Michael J. Gaynor has been practicing law in New York since 1973. A former partner at Fulton, Duncombe & Rowe and Gaynor & Bass, he is a solo practitioner admitted to practice in New York state and federal courts and an Association of the Bar of the City of New York member.

Gaynor graduated magna cum laude, with Honors in Social Science, from Hofstra University's New College, and received his J.D. degree from St. John's Law School, where he won the American Jurisprudence Award in Evidence and served as an editor of the Law Review and the St. Thomas More Institute for Legal Research. He wrote on the Pentagon Papers case for the Review and obscenity law for The Catholic Lawyer and edited the Law Review's commentary on significant developments in New York law.
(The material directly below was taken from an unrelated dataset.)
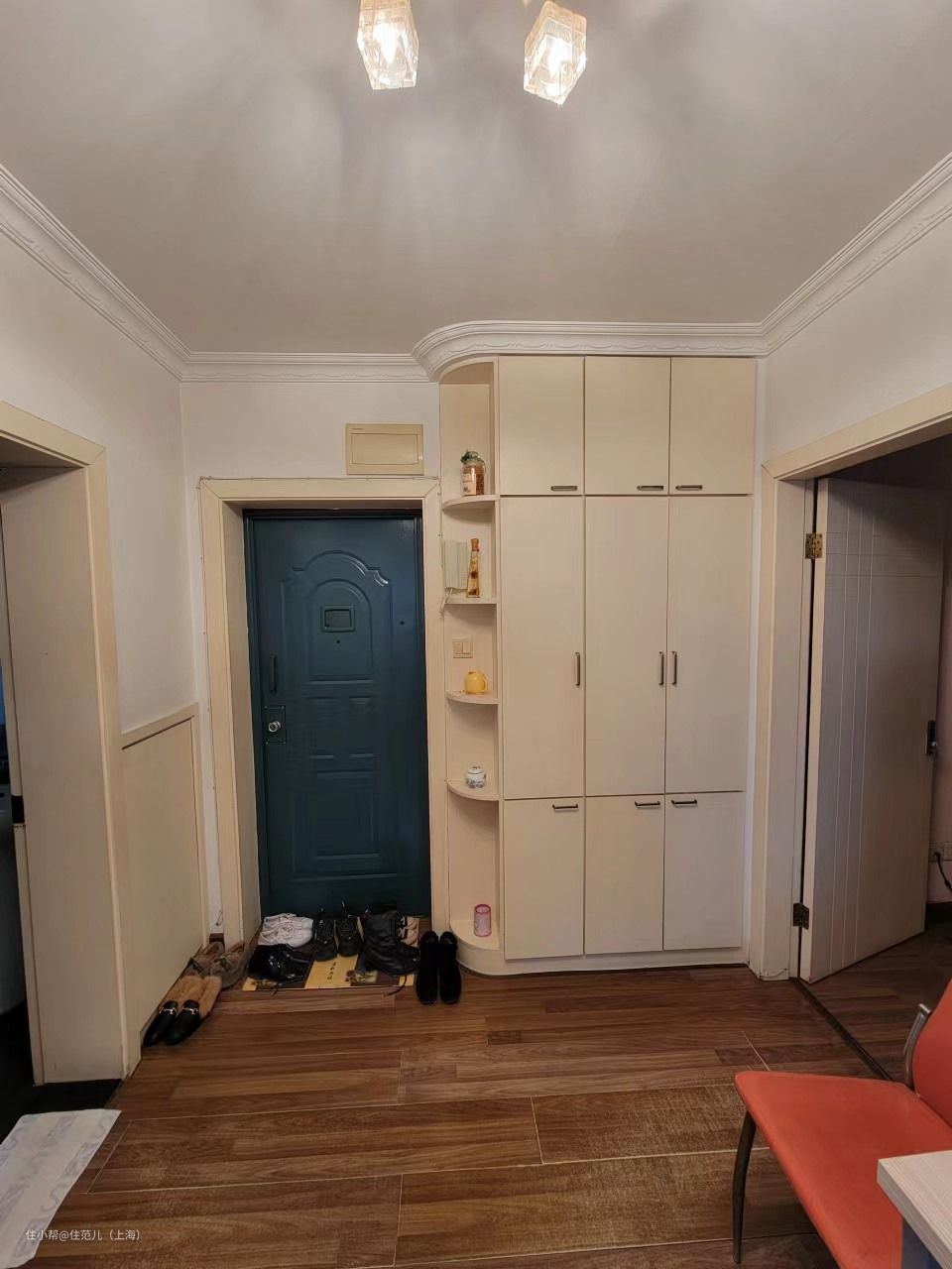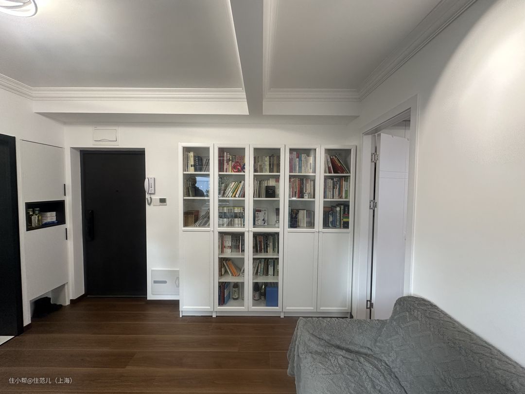 原本改造前的入户,绿色老旧的防盗门略显笨重。进门左手边沿墙做的前些年很流行的带开放格的转角柜,不太方便打扫,且零零散散的柜子视觉上不够清爽干净。 改造之后,换了黑色的防盗门,搭配整体白色系,更协调统一。进门右手边的位置,用一整面墙的白色书柜取而代之。密闭但选择了透光好的玻璃柜门,不落灰也整洁,有藏有露,瘦高长条的柜子也更能拉伸层高。 右手边沿墙做了入户玄关柜,中间镂空空间可以有更大的利用率。无把手设计,上下柜都可以容纳很多杂物,最下面还预留了放鞋子的空间,这样方便进出换鞋,门口也不会看起来乱哄哄,很规整。

The day after graduating, Gaynor joined the Fulton firm, where he focused on litigation and corporate law. In 1997 Gaynor and Emily Bass formed Gaynor & Bass and then conducted a general legal practice, emphasizing litigation, and represented corporations, individuals and a New York City labor union. Notably, Gaynor & Bass prevailed in the Second Circuit in a seminal copyright infringement case, Tasini v. New York Times, against newspaper and magazine publishers and Lexis-Nexis. The U.S. Supreme Court affirmed, 7 to 2, holding that the copyrights of freelance writers had been infringed when their work was put online without permission or compensation.

Gaynor currently contributes regularly to www.MichNews.com, www.RenewAmerica.com, www.WebCommentary.com, www.PostChronicle.com and www.therealitycheck.org and has contributed to many other websites. He has written extensively on political and religious issues, notably the Terry Schiavo case, the Duke "no rape" case, ACORN and canon law, and appeared as a guest on television and radio. He was acknowledged in Until Proven Innocent, by Stuart Taylor and KC Johnson, and Culture of Corruption, by Michelle Malkin. He appeared on "Your World With Cavuto" to promote an eBay boycott that he initiated and "The World Over With Raymond Arroyo" (EWTN) to discuss the legal implications of the Schiavo case. On October 22, 2008, Gaynor was the first to report that The New York Times had killed an Obama/ACORN expose on which a Times reporter had been working with ACORN whistleblower Anita MonCrief.